Although Karl Arnold's son, Ernst, was involved with the company, several sources cite the presence of Max Ernst (who remained as Managing Director for over forty years until 1976), as the prime mover behind this new product line. Ernst has been described as a dynamic businessman, the person most responsible for the introduction of the Arnold Rapido product line. Karl Arnold passed on in October, 1946, leaving his son and Herr Ernst as principals in the Company. Much later, an Arnold Sales Manager, Ferdinand Graef, would marry Max Ernst's daughter, Sonja, keeping the Arnold company as a family operation. It would continue to be so until 1995.

==Production phases==

There are several distinct phases of Arnold's model train production. In the period of 1960 - 1962, Arnold marketed the Arnold Rapido 200 product line; this line was very crude yet it also was a sensation because of its much smaller size than TT.

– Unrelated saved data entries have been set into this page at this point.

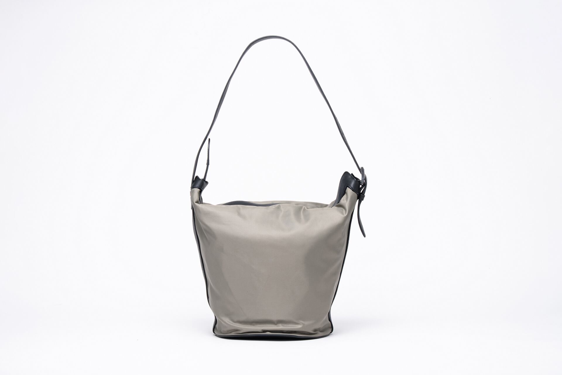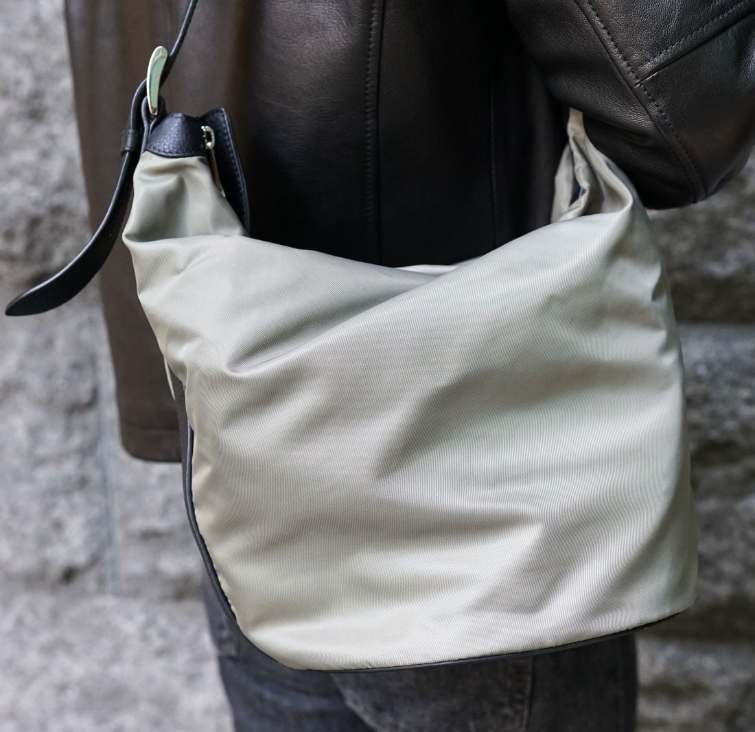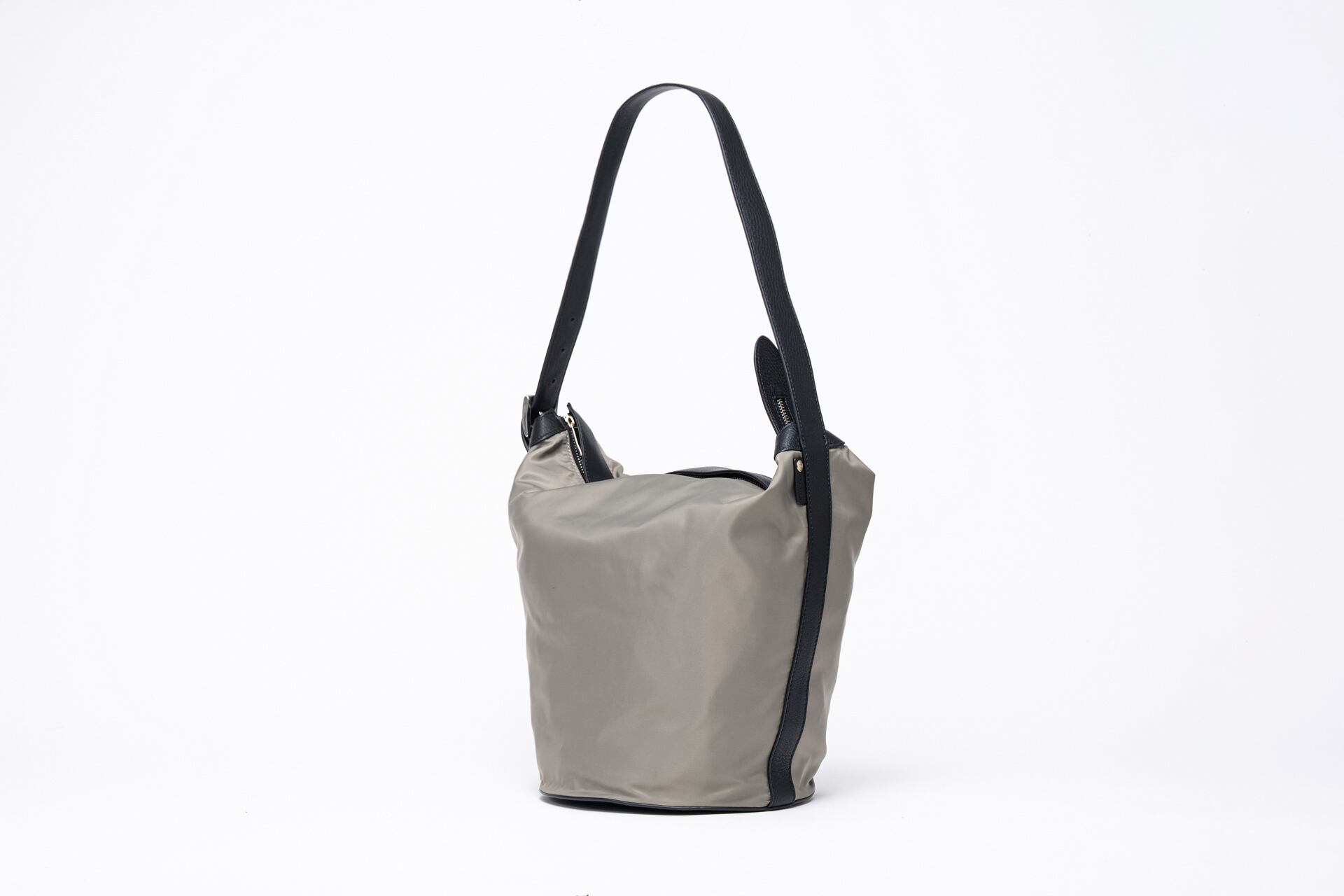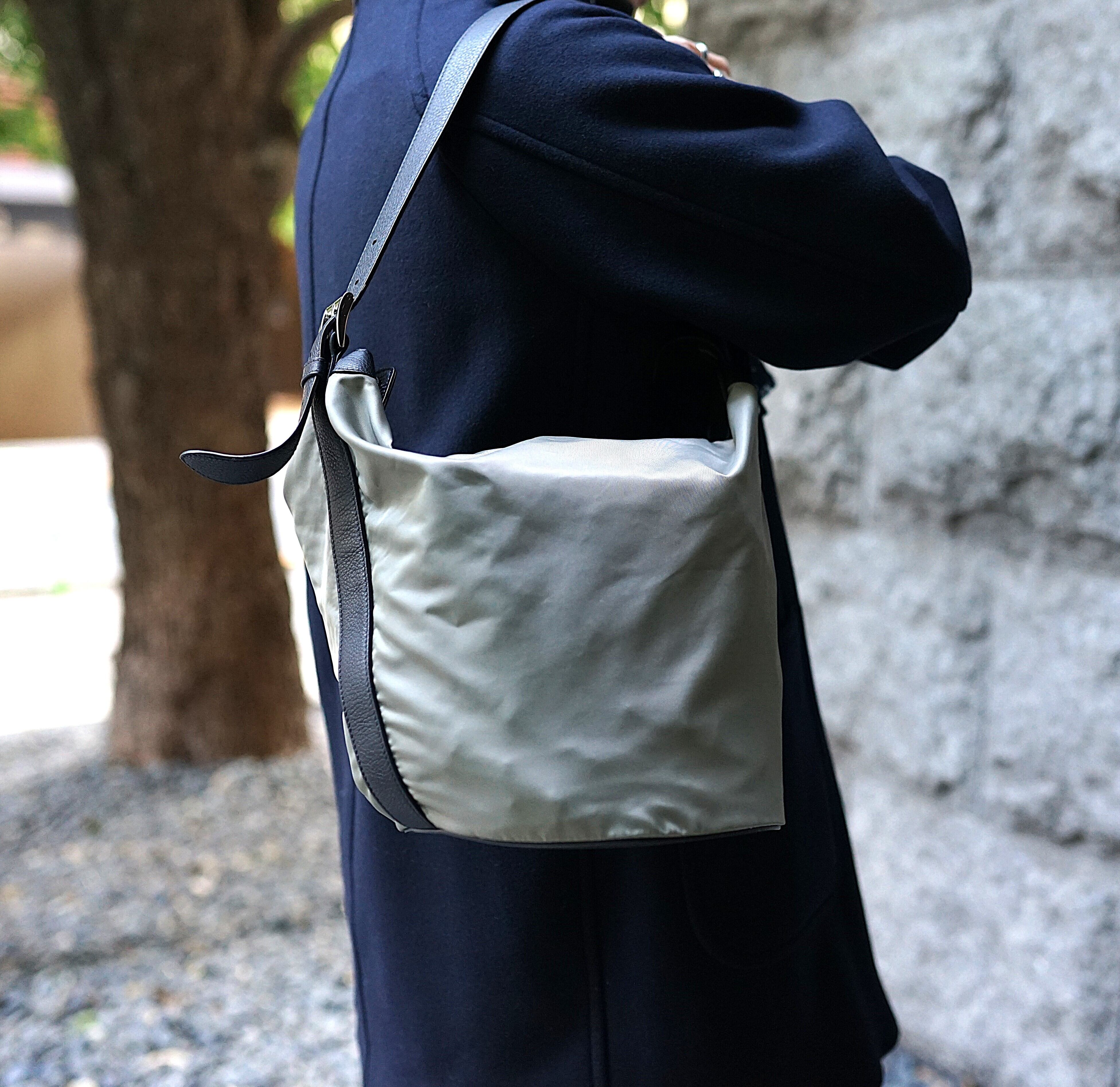 高密度のイタリアンナイロンと天然シボが上品さを感じさせるレザーのコンビネーションにより上品な印象に仕上がったバケツ型ショルダーバッグです。
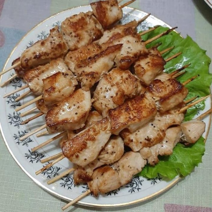 ✔Филе куриной грудки (или индейки) - 400 г; ✔Горчица (столовая или дижонская) - 1 ч. л.; ✔Масло растительное - 1 ч. л.; ✔Соль, перец черный молотый - по вкусу Нарезать на порционные кусочки любое белое мясо птицы (курица, индюк). Солим, перчим, добавляем чайную ложку горчицы, чайную ложку подсолнечного масла. Убираем в холод на полчаса. Далее нанизываем на деревянные шпажки, предварительно замоченные в воде (15 минут). Запекаем в духовке до готовности при температуре 200°. КБЖУ шашлычков из куриного филе (на 100 г) – 152/26/5/0. К шашлычкам можно подать томатный соус без сахара, например, с инулином. Калорийность такого соуса (на 100 г) – 40-50 ккал. Он содержит около 16% углеводов. www.vysotamed.ru Рецепт на странице Автор рецепта – Liya Yulchevskaya Расчёт КБЖУ сделан с помощью Telegram-чат-бота https://t.me/vesipitaniebot © Почтенный возраст Online и Рецепты для диабетиков
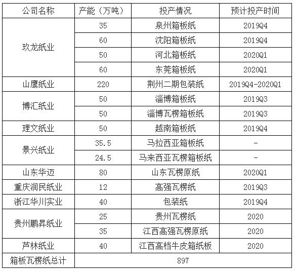 圖表來源:東吳證券研究所 箱板瓦楞紙投產(chǎn)情況
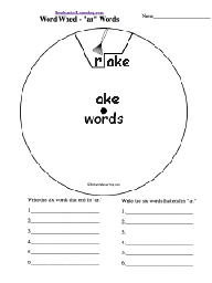 Make Words Wheel -e- This 2-page print-out makes a words wheel; it consists of a base page together with a wheel that spins around. When you spin the wheel, words appear, combining b, g, h, l, m, p, s, and w with eb, ed, eg, em, en, er, et, and ew. Write as many words as you can that are made using the wheel.

The next phase was from 1963–1967, when the rapido product line begins to swing toward scale representations of the trains. It is during this period that the "Rapido Coupler" comes into production, beginning its widespread use by all model train manufacturers in N-Scale. It was in 1964 that the term "N-Scale" came into use. Between 1968 and 1970, rapido line of trains reached maturity, notably with its turntable and roundhouse. Arnold entered into a business relationship with the U.S. company Revell around 1968, beginning the marketing of Revell Rapido model trains. This relationship was marked by the beginning of production of more accurate North American prototype models by Arnold. This relationship continued for several years, ending in the late 1960s or early 1970s. Arnold continued their expanded production, with new models until the early 1990s.

==Transfer of assets==

On Max Ernst's 1976 retirement, Arnold employed perhaps 200 to 250 people, using three facilities in the Nürnberg area. The Company continued under family control until 1995, when Arnold went into bankruptcy and was sold to Rivarossi of Italy. Rivarossi, in turn, also went bankrupt, leading to the sale of all assets to Hornby of the United Kingdom. Production is now carried out in the People's Republic of China.